Blackberry confirmed yesterday that they will be exiting the consumer market after announcing their preliminary fiscal 2014 results.
Losses were reported to have amounted up to $950 million, a large part due to the stagnant pile of Z10 inventory as a consequence from the increasingly competitive smartphone market, and another portion due to their previous restructuring costs. The company also projected a hardware estimated revenue of only 3.7 million, mostly attributing to the sales of Blackberry 7 devices as the Z10 has not reached all consumers yet.
Just last year, Research In Motion Limited’s managing director of global sales and regional marketing was insistent about clearing the misconception about the Canadian firm’s withdrawal from the consumer market.
“Whilst we announced plans to refocus our efforts on our core strengths, and on our enterprise customer base, we were very explicit that we will continue to build on our strengths to go after targeted consumer segments. We listed BBM, as well as the security and manageability of our platform, amongst our strengths,’’ he said in an email response.
This statement might have made a few market observers feel guilty of their pessimistic view, but many were still sceptical about the company’s plans to return into their reigning position. The company’s structure was often under scrutiny, with their initial dual-CEO structure that provided divided directions for the company.
The once market leader of smartphone messaging who once owned more than half of the United States smartphone market now declares plans to lay off 4,500 employees, reducing almost a third of their present workforce.
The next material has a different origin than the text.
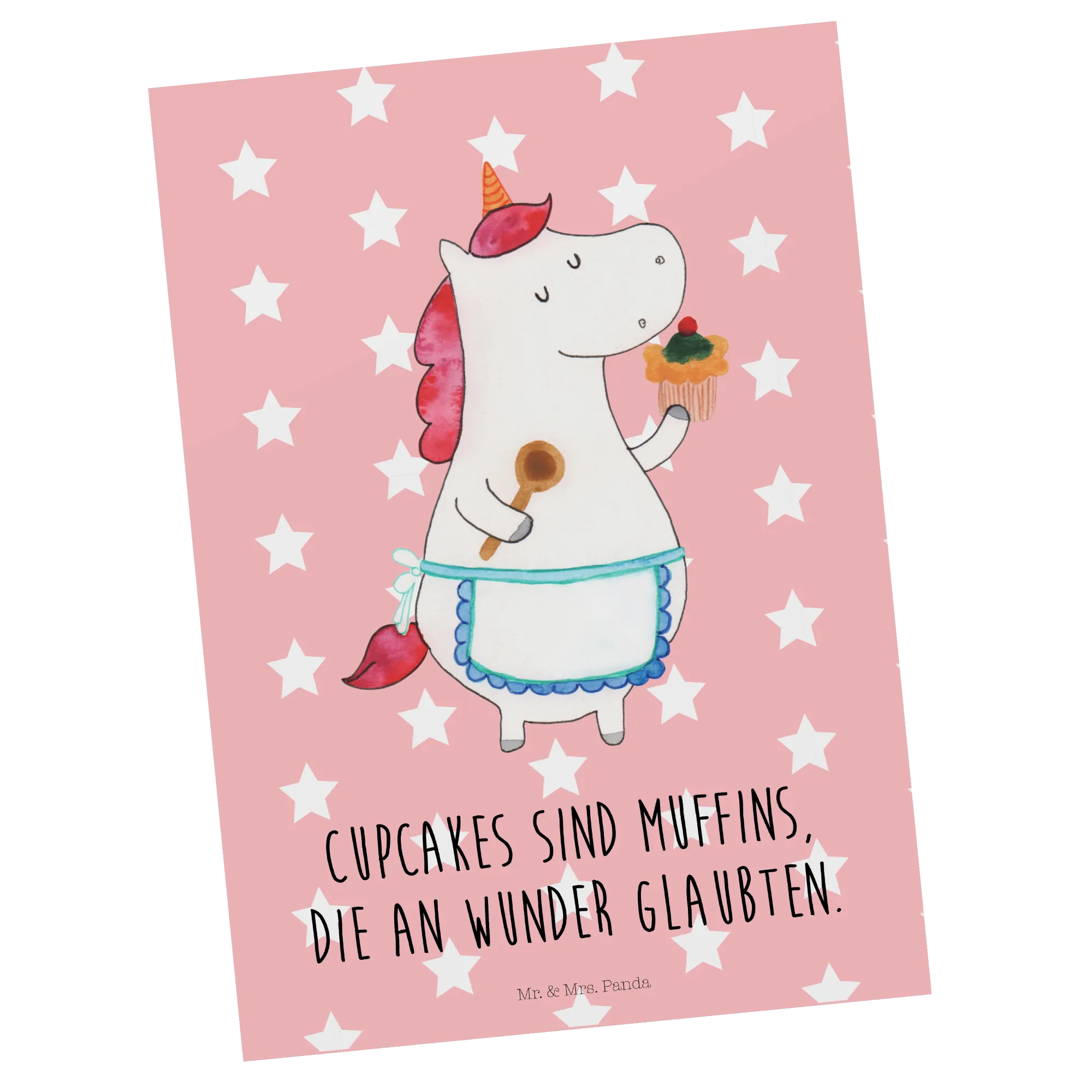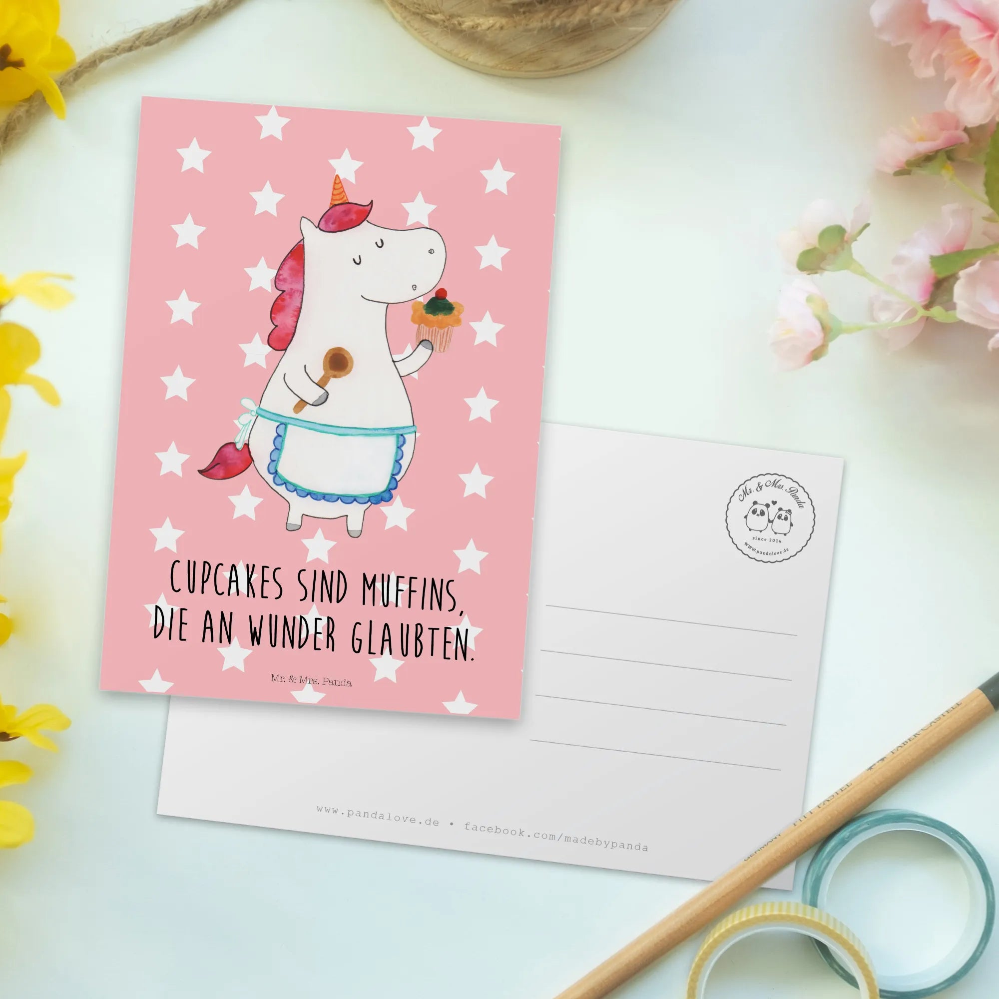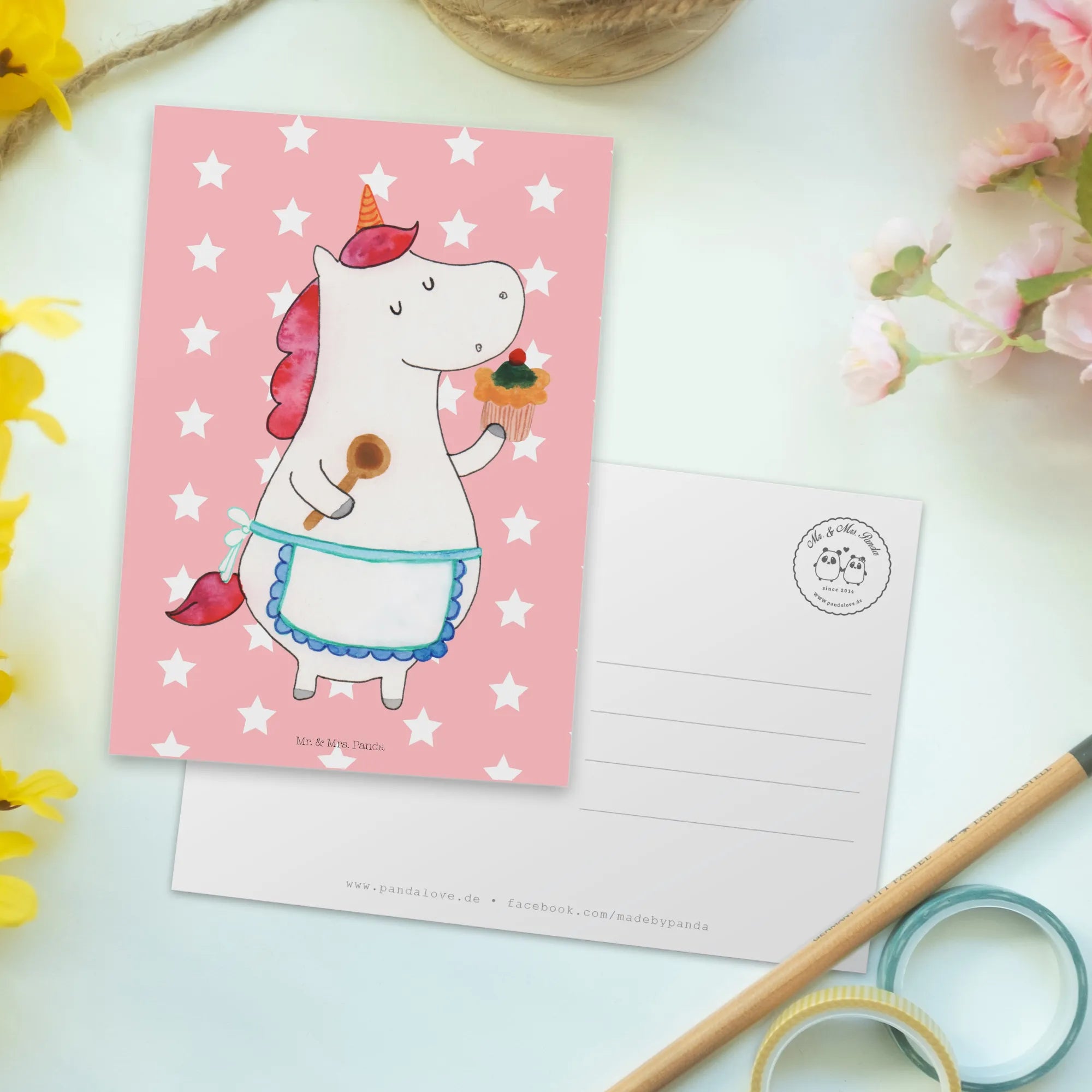 Postkarte Einhorn Küche - mit Spruch - Rot Pastell

It also announces its future to focus more in the prosumer and enterprise market segment.
President and CEO of Blackberry, Thorsten Hein, stated,
“We are implementing the difficult, but necessary operational changes announced today to address our position in a maturing and more competitive industry, and to drive the company toward profitability. Going forward, we plan to refocus our offering on our end-to-end solution of hardware, software and services for enterprises and the productive, professional end user. This puts us squarely on target with the customers that helped build BlackBerry into the leading brand today for enterprise security, manageability and reliability.”
The launch of the new iPhone this week is possibly making this withdrawal from the consumer market even sourer for Blackberry, but it is about time they focus on their niche as a reputable software provider, which they have proved to be with many non-Blackberry devices, such as Nokia, Sony Ericcson and HTC, still running on the company’s server.
As a blackberry fanatic for many years, I fell so much in love with the QWERTY keyboard and their dependable email client service ever since my first curve. Now an Andriod user, I must say this: Once you have tasted the Blackberry, you will never want to taste the others. To blackberry users, give the Android time and you will discover its different beauty.
As for Blackberry Messenger addicts, rejoice! The company announced today that it will no longer keep BBM exclusive and the application will soon grace the Google Play Store and Apple Store very soon as a free app.
Update as of 24th September 2013:
Blackberry has signed a Letter of Intent to be bought over by an association led by Fairfax Financial Holdings Limited Monday. This agreement will come with a transaction of USD 9 in cash per share to all shareholders which will amount to an approximate total of USD 4.7 billion. Fairfax announced that it will privatise the company, taking into account conditions such as due diligence and negotiation by parties involved.
Prem Watsa, Chairman and CEO of Fairfax, said,
“We believe this transaction will open an exciting new private chapter for BlackBerry, its customers, carriers and employees. We can deliver immediate value to shareholders, while we continue the execution of a long-term strategy in a private company with a focus on delivering superior and secure enterprise solutions to BlackBerry customers around the world.”
Although all these sound daunting for Blackberry, it is without a doubt that their secure enterprise service is their strongest offering that can sustain them through this crisis. Way to go, Blackberry!